- [TASK TO CARRY OUT]:
Write the entries below out again exactly; any picture in them stays out.

*** Begin section ***

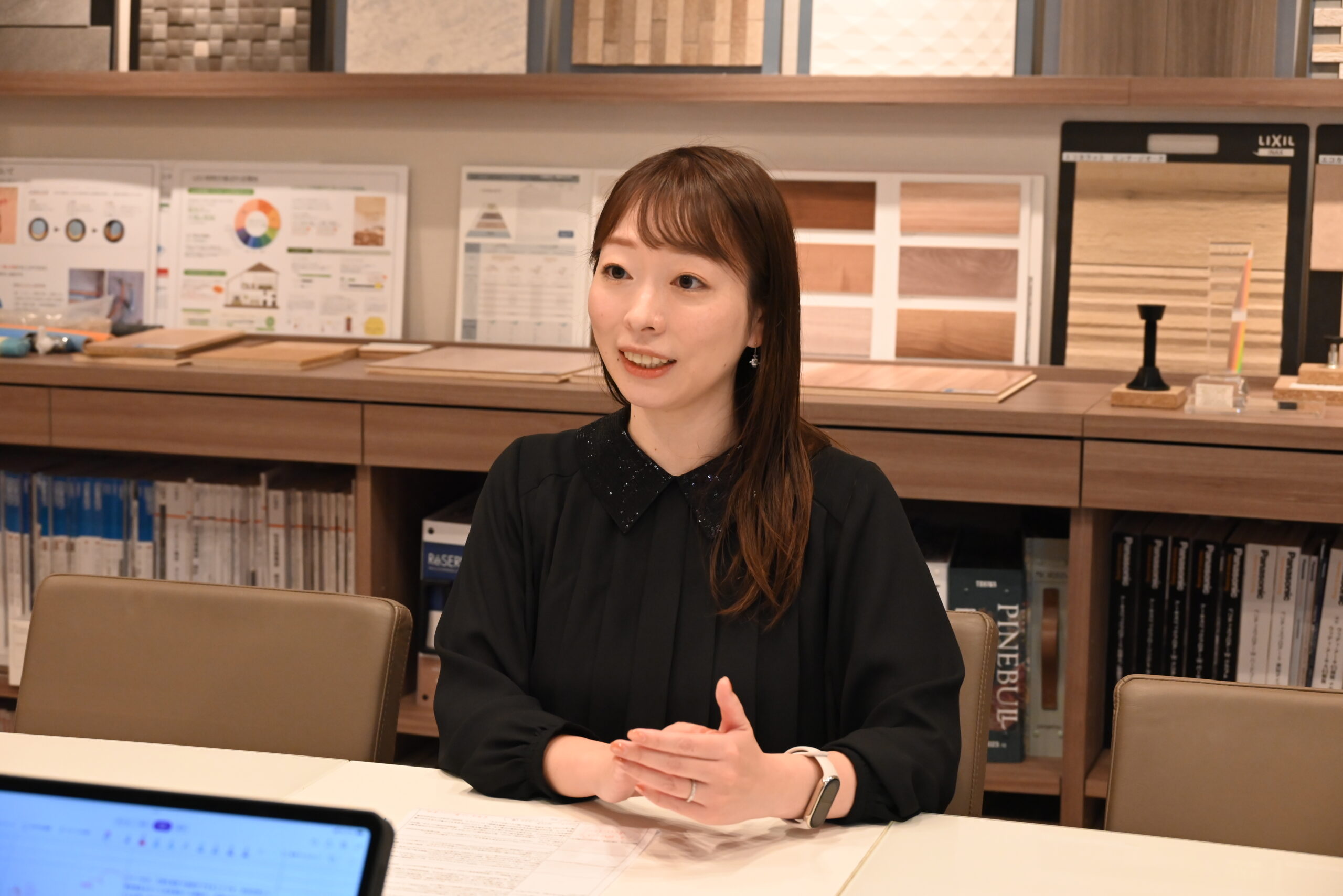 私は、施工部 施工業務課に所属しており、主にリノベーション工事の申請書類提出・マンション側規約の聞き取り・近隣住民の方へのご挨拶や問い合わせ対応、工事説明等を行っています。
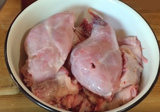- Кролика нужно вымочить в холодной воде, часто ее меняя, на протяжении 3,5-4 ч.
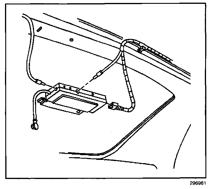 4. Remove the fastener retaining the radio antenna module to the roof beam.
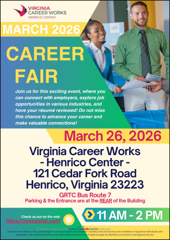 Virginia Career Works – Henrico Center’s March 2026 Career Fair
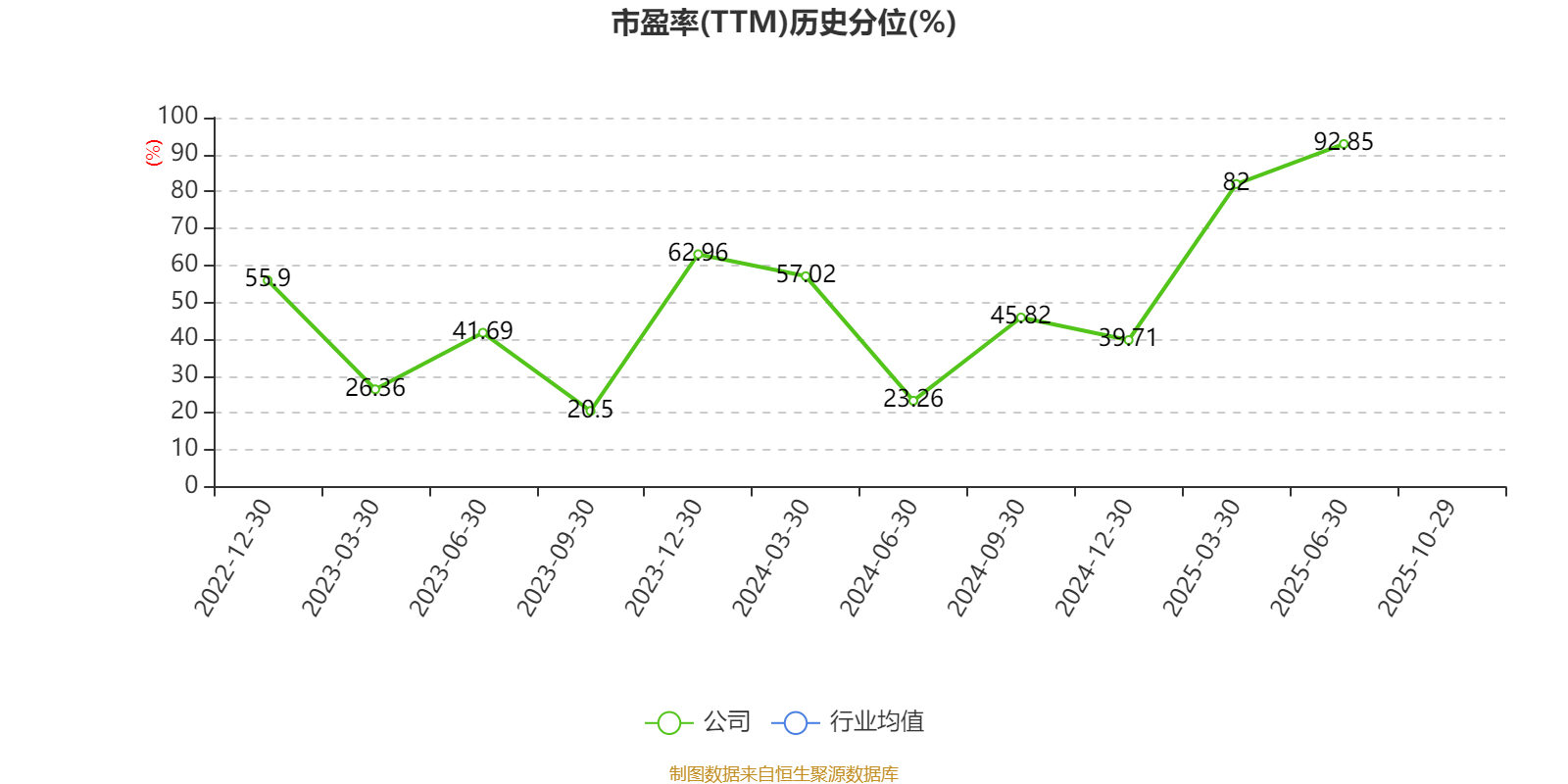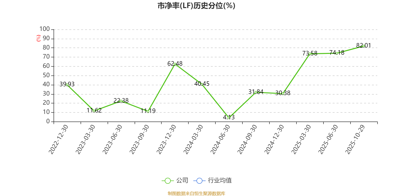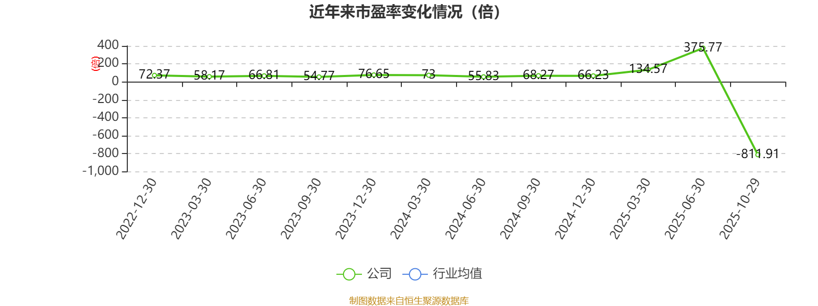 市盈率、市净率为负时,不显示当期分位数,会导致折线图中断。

*** End section ***

- [OUTPUT BELOW]:
 私は、施工部 施工業務課に所属しており、主にリノベーション工事の申請書類提出・マンション側規約の聞き取り・近隣住民の方へのご挨拶や問い合わせ対応、工事説明等を行っています。
- Кролика нужно вымочить в холодной воде, часто ее меняя, на протяжении 3,5-4 ч.
 4. Remove the fastener retaining the radio antenna module to the roof beam.
 Virginia Career Works – Henrico Center’s March 2026 Career Fair
 市盈率、市净率为负时,不显示当期分位数,会导致折线图中断。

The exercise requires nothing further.